The objective of Project 3 was to be able to use classification methods and run an experiment on whether or not one could predict the correct subreddit
Reddit is starting to sell advertising space in subreddits. They want a tiered structure to pricing based on post popularity. (eg. if a post is more popular, it will cost more for ad space within a subreddit) It seems as though while we are very good at predicting the correct subreddit, we are not very good at predicting the up votes. Perhaps a better marketing strategy would be to predict which subreddits are the most popular on the hot page and price advertisements based on the subreddit.
Data scraped from subreddits are the psychology and mental health subreddit.

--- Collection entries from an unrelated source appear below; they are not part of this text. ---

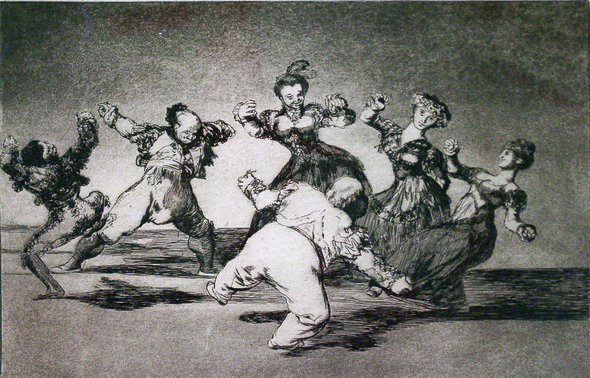 Created between 1815 and 1824, during a last lapse in his health, Los Disparates was Goya’s last major project in printmaking and is considered his best for the virtuosity in engraving, control of color tonalities and use of aquatint and drypoint. Because of its highly personal nature, this series is also considered the most difficult to understand and interpret. Each image is a cryptic visual of various proverbs.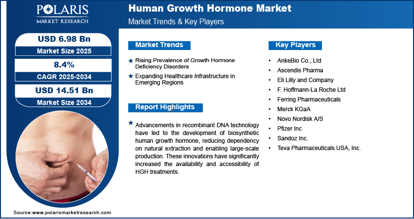 The latest market study published by Polaris Market Research titled Human Growth Hormone Market Size, Share, Trends, & Industry Analysis Report By Type (Long-acting, Short-acting & Intermediate-acting), By Route of Administration, By Age, By Disease, By Distribution Channel, and By Region – Market Forecast, 2025–2034 is designed to provide users with an in-depth understanding of the market. A comprehensive historical analysis of the market is given, along with extensive market forecasts by region/country and subsectors.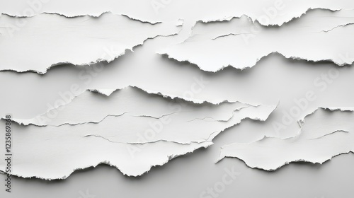 Abstract Background of Torn White Paper Texture with Layered Rips and Soft Shadows, Ideal for Design and Artistic Applications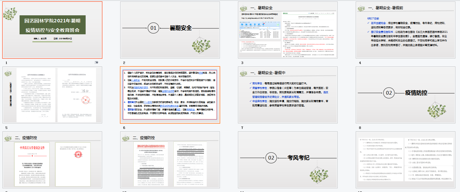 6月27日前,由各年级辅导员和各班班主任分别组织召开员工骨干会议和主题班会,传达学校暑期安全、疫情防控、考风考纪、滞校须知、返校须知等各项要求。要求以班级为单位签订《高等学校暑假安全责任书》,做到全覆盖、无遗漏,特别提醒同学们注意暑期防溺水、防骗、防盗、防火、防交通安全等问题,同时强调暑期留校的员工,外出锁好宿舍门窗,保管好随身贵重物品;注意用电安全,离开宿舍及时断电,不在宿舍乱拉乱接电线,不使用大功率电器、劣质插座和劣质充电器,严防火灾事故,经常与家里沟通,遇到特殊情况,一定要及时与家长和老师电话联系等。同时,要求各年级、各班级对员工暑期离校、滞校信息做好审批与统计,离校时间和去向、滞校申请必须经家长同意且报相关负责人审批。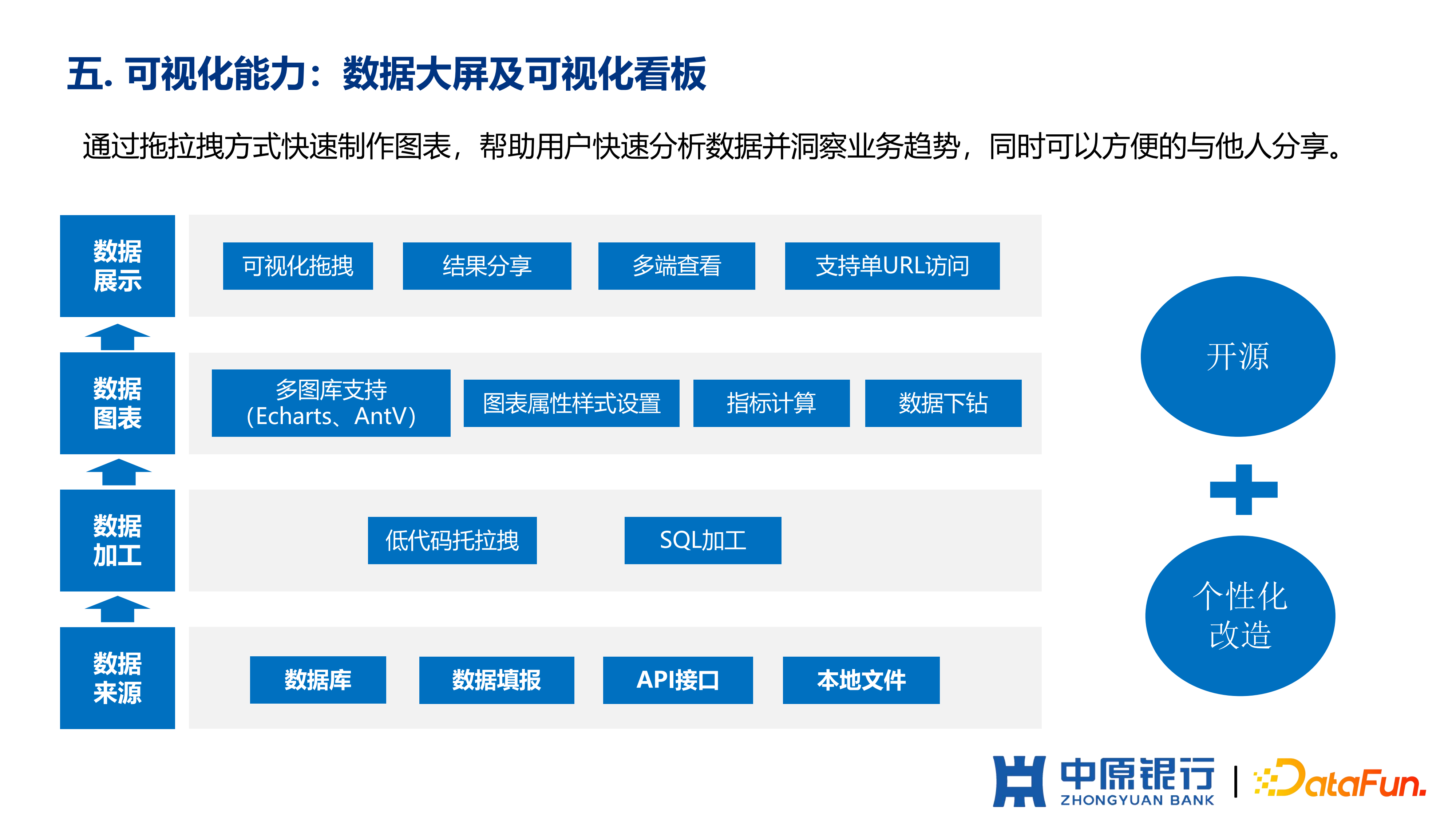 从 2019 年开始,为了实现之前提到的业务目标,中原银行开始建设整个的敏捷 BI 体系。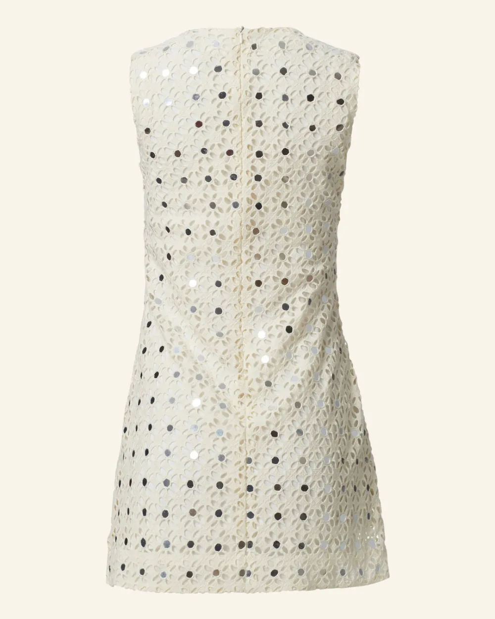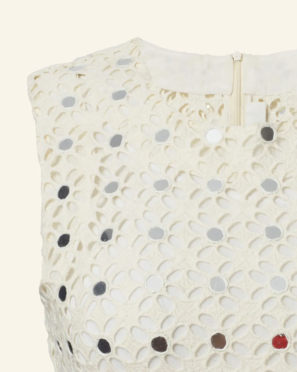 Our twist on the classic shift dress, our cotton eyelet dress is hand-embellished with hundreds of reflective glass mirrors. The '60s-inspired short dress has a back zip closure and comes with a removable mocha-colored slip. Simple yet flattering and perfect for poolside parties à la Slim Aarons.

Column Name | Data Type | Brief Description |
---|---|---|
subreddit | str | subreddit data pulled from |
title | str | title of pose in subreddit |
num_comments | int | number of comments |
ups | int | up votes of post |
downs | int | down votes of posts |
likes | int | likes of posts |
view_count | int | counts of times post viewed |
url | str | url for subreddit post |
time_of_pull | timestamp | time when post was scraped |
- Code Folder, 4 Files, Organized with _NB suffix
- NB1 contains code to scrape subreddit data
- NB2 contains code to run models to classify subreddit data and determine if the title of a subreddit is either mental health or psychology, some visualizations at the end from using sentiment analysis
- NB3 contains code to run adhoc visualizations including word cloud code and also lots of histograms
- NB4 contains code to run models on prediction of 'ups' given a specific subreddit
- Data Folder, 6 Files
- Subreddit webscrape data denoted by Reddit_Subreddit Name Here_datefilewritten.csv
- 4 subreddit webscraped data files, used Reddit_MH, most current version of Reddit_Psych for project
- other files include, "train" dataset intended for visualizations and coefficient values of classification model in CSV format
- Images Folder, 22 Files
- Wordcloud images denoted by suffix of _wordcloud
- histograms of Top20 words for each subreddit and both subreddits combined denoted by prefix of Top20
- scatterplots of sentiment analysis comparing pos,neg,neu scores to the compound scores denoted by prefix of RedditComparisonsSentiments
- a few model flow charts denoted with psycho-or-mentalhealth prefix
- other images contain misnamed versions of above, the background image for wordclouds, and histogram comparing words across both subreddits.